Ethiopian Axumawit Embaye took silver in 4:07.12, with Canada's Nicole Sifuentes claiming bronze (4:07.61) after initial third-place finisher Rababe Arafi of Morocco was disqualified for stepping inside the kerb.

Aregawi was a the strong favourite going into the race in Poland and won by a comfortable margin of 6.51 seconds ahead of Sifuentes. The athlete's preparations for the race meeting in Sopot was overshadowed by media stories about her personal life regarding her marriage.

Swedish daily Expressen reported that Aregawi has been divorced from her husband Henok Weldegebriel since May 17th 2013. The couple had launched a firm defence of their relationship last year denying that it was a sham in order to secure citizenship.

"I don't know where these rumours come from. People are trying to make her feel bad. We have been married since 2008 and nobody paid to bring her to Sweden," husband Henok Weldegebriel said in an extensive interview with Dagens Nyheter in September 2013.

However, the report by Expressen revealed a document from the Swedish Tax Office (Skatteverket) that Aregawi's marital status was listed as divorced and had been so since May 17th last year.

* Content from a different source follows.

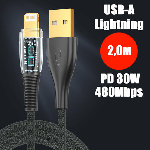 Кабель PALMEXX USB-A to Lightning, PD 30W, длина 2.0м, чёрный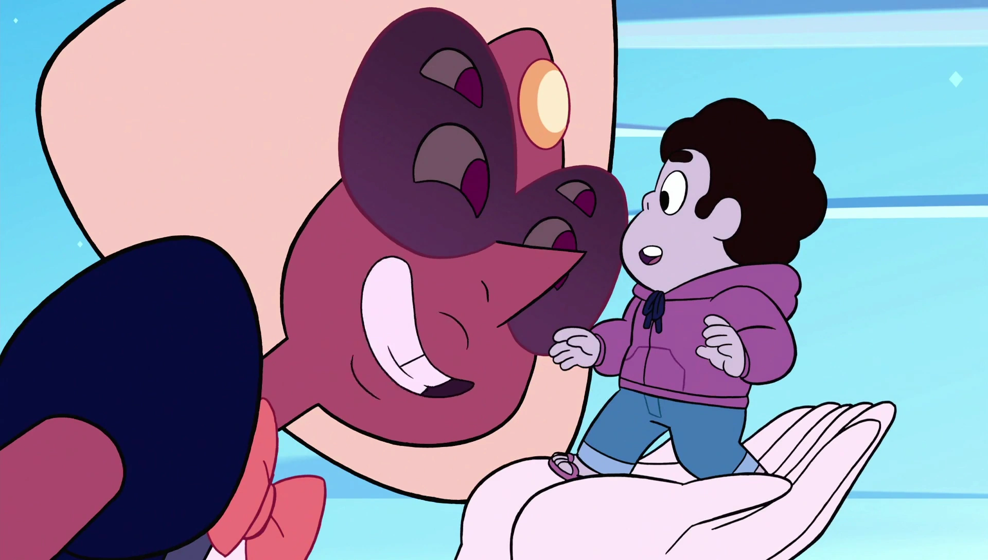 Oh, per tutte le stelle! Tu sei Steven Universe, finalmente c'incontriamo! Allora, cosa te ne pare? Valeva la pena aspettare? |

Aregawi maintained to Aftonbladet, following the article in Expressen, that she and Henok are still married.

After her win Aregawi was quizzed by journalists if the media reports had affected her preparations.

"I don't want to talk about my private life here even though there was some talk. My focus was on my work and on my results so I don't really care to discuss my private life," Aregawi said via an interpreter.

Aregawi is regarded as one of the world's best runners in her field and won a gold medal at the Moscow World Championships in 2013. Her won on that occasion was also overshadowed as he refused to take part in the rainbow protest due to her religious beliefs.

She became a Swedish citizen in 2012 and is currently studying the language. Aregawi told Dagens Nyheter in September 2013 that she was keen to set the record straight after she was criticized for not participating in the rainbow protest.

"I respect all people and that all of us are equal. Sweden is a free country where everyone has the right to do what they want," she said.